At Stony Brook University Hospital, there was a much lower rate of early discharge from resident-led medical teaching services versus nonteaching services, which negatively affected the hospital's overall rate of early discharge, said Nirvani Goolsarran, MD, FACP. “It has to do with workflow and rounding style. . . . That was the root cause, and we thoroughly analyzed it and decided that our workflow needs to be changed,” she said.
The workflow had entailed trainees prerounding at 7 a.m. and receiving new admissions. Discharges wouldn't happen until after they finished rounds in the afternoon, Dr. Goolsarran said. As associate program director of the internal medicine residency program, she led a multidisciplinary intervention to restructure rounds to allow for more early discharges.
How it works
The intervention had three main components. The first was education, since early discharge was not initially a priority for residents, said Dr. Goolsarran, who is also an associate professor of clinical medicine and associate vice chair for quality, patient safety, and compliance. “We said, ‘From now on, we are going to focus on moving patients out of the hospital early’” and explained the benefits, such as reducing ED overcrowding and improving patient flow, she said.
Second, the teaching services implemented new rounds, in which the residents round with their attending, often around 4 p.m. after regular rounds are completed, and plan for next-day discharges, Dr. Goolsarran said. These “walk rounds” took an average of 20 to 30 minutes and were key for proactively arranging for early discharge, she said.
The third and final piece of the intervention was a multidisciplinary discharge huddle. “As soon as walk rounds is completed, we walk straight to a conference room that has all of our case workers and social workers . . . and tell them, ‘This is our list. We believe these patients can be ready for tomorrow. Can we prioritize for early discharge?’” said Dr. Goolsarran. “They then [do] a lot of work behind the scenes to get those patients out the following day.”

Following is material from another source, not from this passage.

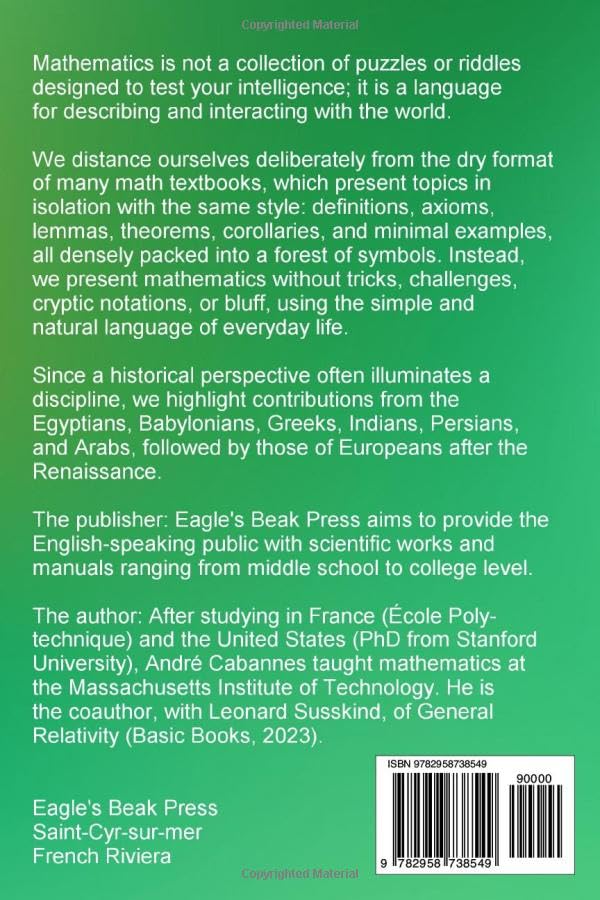Mathematics is not a collection of puzzles or riddles designed to test your intelligence. It is a language for describing and interacting with the world. Deliberately distancing ourselves from dry math textbooks — presentations of different subjects without connections, each time with the same format: definitions, axioms, lemmas, theorems, corollaries, and minimal examples, all laid out densely in a forest of symbols — we present mathematics without tricks, without challenges, without cryptic notations, and without bluff, using the simple and natural language of everyday life. We explain where all the tools come from (arithmetic, algebra, geometry, analytic geometry, functions, calculus, algebraic structures, linear algebra, matrices, probability, statistics, algorithmics), how they are interconnected, and what they are used for in mathematics, physics, engineering, and other fields. We aim to be understood by everyone, especially young people who grasp complex technologies and games when it’s for fun. However, this does not mean that mathematical concepts do not sometimes require effort and reflection. The 8th & 9th grade mathematics book completes the middle school math curriculum and even introduces some high school concepts. Middle school offers a comprehensive foundation of math applicable to everyday life. We encountered much of this material in primary school, though primarily as a set of methods; in secondary school, we delve into the underlying principles and broaden our view of mathematics as a whole. In our subsequent high school volumes, we begin to present the mathematics essential for engineers, physicists, professionals in various other disciplines, as well as future mathematicians. If you study and understand all the mathematics presented in our books from 6th to 12th grade, you will be well-prepared for college courses and beyond. Our philosophy of mathematics and how to teach it: https://tinyurl.com/5eejvhzx Table of contents: https://tinyurl.com/57vw2fvf Preface: https://tinyurl.com/mryy2hnt Free lesson: https://tinyurl.com/4rh9a23w Index: https://tinyurl.com/3pjnw2v7 Erratum: https://tinyurl.com/mrxrhyc2

In 2017, before the intervention, 12% of the teaching service's discharge orders were before 11 a.m., and that rose significantly to 29% after the intervention, with no change in readmissions, according to results published online in December 2019 by the Journal of General Internal Medicine.
Sixteen of 29 (55%) residents agreed that the early-discharge initiative helped them understand the importance of prioritizing patients for early discharge. However, 20 of 36 (55%) residents reported that the intervention compromised their learning during teaching rounds. “I wish we'd done more follow-up because . . . let's say they're entering clinical practice. How does this initiative benefit them then? That's the true value of teaching because now they're expected to have this metric across many institutions,” Dr. Goolsarran said.
Length of stay did significantly increase under the intervention (by 1.47 days), but because it also increased on the nonteaching teams, which were not subjected to the intervention, “I don't know that we could say it was attributable to the intervention,” she said.
Overall, the biggest challenge was balancing clinical education with institutional requirements, such as early discharge. “I think that's so tough to do, and I think many programs struggle with this. . . . To overcome this challenge, I think educators have to understand the importance of the quality metrics and the difference it makes in patient care and patient flow,” she said. Another challenge was getting buy-in from residents, who have less of an understanding of quality metrics than attendings, said Dr. Goolsarran.
The team used several resident champions to engage their peers. “I think that's a key success for this initiative. . . . They were reminding them to do the huddles, they were checking in, and they were physically present,” said Dr. Goolsarran. She added that program director support is also important “because that's the key to converting this to an educational initiative and not just an institutional metric.”
The early-discharge initiative has now become the standard for the hospital's medical teaching services. “Going on its third year, our current teaching discharge rate mirrors, if not better than, our nonteaching discharge rate,” she said. “It has become the culture. Now when I start rounding, they are expected to start with the early discharges, and we as the attendings don't have to ask anymore.”
Dr. Goolsarran also developed a direct-observation tool that measures residents' education and counseling to the patient during the discharge process. “We routinely start rounds by choosing a discharge patient to educate. This helps us to ensure that the discharge process is an educational part of rounding,” she said. “Because of the feedback, I wanted to make sure that education, or at least that perception of education, is not further compromised.”